Haji Rufai

Posted on May 25 • Originally published at github.com

Building a Kenya Economic Intelligence Dashboard with Python, Plotly & World Bank Data

#plotly #datascience #analytics #python

What if you could understand an entire nation's economic trajectory in a single interactive dashboard? That's exactly what I built with KenyaVista — a Python tool that pulls 20+ years of economic data from the World Bank, analyzes trends, forecasts the future, and generates a stunning interactive HTML report.

In this article, I'll walk through the architecture, the statistical methods, and the key design decisions that make this project both analytically rigorous and recruiter-friendly.

Why This Project?

As a data professional based in Kenya, I wanted to build something that combines:

Real-world data from authoritative sources (World Bank)
Statistical rigor — CAGR, trend analysis, forecasting with confidence intervals
Beautiful visualization — interactive Plotly charts, not static matplotlib
Software engineering — modular architecture, CLI, tests, CI/CD

The result: a tool that fetches, analyzes, forecasts, and visualizes Kenya's economy in one command.

Architecture

┌─────────────────────────────────────────┐
│            CLI (click + rich)            │
└──────────────┬──────────────────────────┘
               │
┌──────────────▼──────────────────────────┐
│       Data Fetcher (httpx)               │
│       World Bank API v2                  │
└──────────────┬──────────────────────────┘
               │
    ┌──────────┼──────────┬──────────┐
    │          │          │          │
┌───▼────┐ ┌──▼─────┐ ┌──▼─────┐ ┌─▼──────┐
│Analyzer│ │Forecast│ │Compare │ │Insights│
└───┬────┘ └──┬─────┘ └──┬─────┘ └─┬──────┘
    │         │          │          │
    └─────────┴────┬─────┴──────────┘
                   │
     ┌─────────────▼───────────────┐
     │    Dashboard Generator       │
     │    Plotly + Tailwind CSS     │
     └─────────────────────────────┘

The system is built as 6 focused modules, each doing one thing well:

Fetcher — pulls data from World Bank API v2
Analyzer — computes CAGR, trends, YoY changes, statistical summaries
Forecaster — ensemble of Linear + Holt's Exponential Smoothing
Comparator — ranks Kenya against 6 African peers
Insights — algorithmically identifies key findings
Dashboard — generates interactive Plotly HTML

Data Layer: World Bank API

The World Bank API is a goldmine of free, well-structured data.

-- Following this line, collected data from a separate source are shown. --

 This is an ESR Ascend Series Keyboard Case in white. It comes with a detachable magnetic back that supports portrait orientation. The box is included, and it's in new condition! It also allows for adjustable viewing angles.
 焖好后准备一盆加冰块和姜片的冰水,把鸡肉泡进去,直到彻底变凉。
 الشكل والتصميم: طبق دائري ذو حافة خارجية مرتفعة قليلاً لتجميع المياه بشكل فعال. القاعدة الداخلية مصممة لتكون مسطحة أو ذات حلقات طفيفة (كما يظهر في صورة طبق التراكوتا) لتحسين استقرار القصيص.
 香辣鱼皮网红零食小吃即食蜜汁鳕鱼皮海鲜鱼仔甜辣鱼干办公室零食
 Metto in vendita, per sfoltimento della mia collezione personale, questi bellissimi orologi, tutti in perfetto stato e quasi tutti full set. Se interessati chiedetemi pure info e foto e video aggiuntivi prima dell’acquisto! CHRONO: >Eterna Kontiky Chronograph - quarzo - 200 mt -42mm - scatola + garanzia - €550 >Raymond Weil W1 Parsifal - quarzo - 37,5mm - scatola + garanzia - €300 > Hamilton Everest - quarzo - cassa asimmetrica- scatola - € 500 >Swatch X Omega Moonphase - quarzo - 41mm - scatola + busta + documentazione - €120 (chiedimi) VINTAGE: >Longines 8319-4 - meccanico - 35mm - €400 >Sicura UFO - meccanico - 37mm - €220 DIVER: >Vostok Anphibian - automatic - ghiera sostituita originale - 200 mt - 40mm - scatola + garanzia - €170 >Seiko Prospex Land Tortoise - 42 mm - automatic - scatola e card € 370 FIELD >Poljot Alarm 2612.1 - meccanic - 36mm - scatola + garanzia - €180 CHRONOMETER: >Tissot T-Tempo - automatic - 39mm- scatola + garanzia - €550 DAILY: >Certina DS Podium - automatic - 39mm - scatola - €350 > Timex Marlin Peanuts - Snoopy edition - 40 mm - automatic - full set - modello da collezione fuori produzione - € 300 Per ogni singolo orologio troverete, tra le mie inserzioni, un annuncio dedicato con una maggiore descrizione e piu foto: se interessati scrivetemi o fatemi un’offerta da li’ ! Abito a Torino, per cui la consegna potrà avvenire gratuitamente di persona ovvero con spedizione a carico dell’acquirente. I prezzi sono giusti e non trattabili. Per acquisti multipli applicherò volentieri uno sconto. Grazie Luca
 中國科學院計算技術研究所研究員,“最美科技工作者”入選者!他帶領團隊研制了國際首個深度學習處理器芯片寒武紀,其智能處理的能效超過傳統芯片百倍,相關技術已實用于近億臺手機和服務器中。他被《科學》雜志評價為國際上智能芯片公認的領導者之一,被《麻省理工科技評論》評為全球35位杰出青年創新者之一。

Here's how to fetch any indicator:

import httpx

def fetch_indicator(country_codes, indicator, date_range="2000:2024"):
    countries = ";".join(country_codes)
    url = f"https://api.worldbank.org/v2/country/{countries}/indicator/{indicator}"
    params = {"format": "json", "date": date_range, "per_page": 500}

    with httpx.Client() as client:
        resp = client.get(url, params=params, timeout=30)
        data = resp.json()

    records = []
    for entry in data[1]:
        if entry["value"] is not None:
            records.append({
                "country_code": entry["countryiso3code"],
                "year": int(entry["date"]),
                "value": float(entry["value"]),
            })
    return records

KenyaVista tracks 18 indicators across 6 dimensions:

Dimension	Indicators
💰 GDP & Growth	GDP, GDP Growth %, GDP per Capita
📊 Trade & Finance	Exports, Imports, Total Reserves
👥 Demographics	Population, Growth Rate, Urbanization, Life Expectancy
📚 Education	Literacy Rate, Education Spending
🏥 Health	Health Spending, Child Mortality, Maternal Mortality
🌐 Technology	Internet Users, Mobile Subs, Electricity Access

Analysis Engine

CAGR (Compound Annual Growth Rate)

The most important single-number summary of a time series:

def compute_cagr(start_value, end_value, years):
    if start_value <= 0 or end_value <= 0 or years <= 0:
        return None
    return (end_value / start_value) ** (1 / years) - 1

For Kenya's GDP: from ~$12.7B (2000) to ~$104B (2023), that's a CAGR of about 9.4% — impressive by any standard.

Trend Detection

I use linear regression to determine if an indicator is increasing, decreasing, or flat:

import numpy as np

def compute_trend_direction(values):
    years = np.array([v[0] for v in values], dtype=float)
    vals = np.array([v[1] for v in values], dtype=float)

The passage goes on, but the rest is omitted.